# Full EOLR-B! (closed)



## Neuro (Feb 2, 2018)

Hello everyone!

So I've had an idea that I've wanted to tackle for a while but haven't gotten around to quite yet. What we Roux users have been utilizing for some time now is an LSE method called "EOLR," where we are easily able to perform the 1st 2 substeps using just 60 or so algs. However, this is not always the way humans do EOLR is by putting the ULUR edges in DFDB while doing EO so we can easily solve them.

The theoretical "next step" of EOLR is known as "EOLR-B." With EOLR-B, there are several factors to consider: your AUF, EO state, and the exact locations of the L and R edges. This allows us to perform an alg that solves EO and ULUR entirely rather than using buffers as we normally would. EOLR-B will allow us to see the maximum efficiency of the step, and will provide excellent statistics for LSE and Roux as a whole.

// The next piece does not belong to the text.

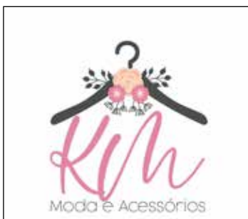
Loja de moda feminina

A loja física não conseguiu manter-se um mês devido a queda significativa de vendas. Com isso, Keli recorreu as redes

ALthough I wouldn't reccomend learning it in it's entirity (3,840 cases,) there are likely to be useful cases that advanced Roux solvers may wish to learn. Also, this will provide valuble stats for LSE and maybe show the true potential of the step (say if a person knew all the algs, how fast it could be.) Could also be a valuable tool for making new Roux variants if cases show a specific trend.

I have started a Google Sheet to start the alg making process, email me at [email protected] or PM me on this forum if you'd like to be involved in the alg finding process. Exact details are on the document. For those wanting to see the progress, feel free to view it (no edit access unless granted by me) at this link.

Thanks for reading, and I hope you enjoy the findings once completed!


----------



## Arc (Feb 2, 2018)

http://jeremyg.nl/home/rouxdata


----------



## Neuro (Feb 2, 2018)

Oh, well then....

At least I didn't get too far into it. Had no idea that page existed. Guess this thread's kinda useless now then


----------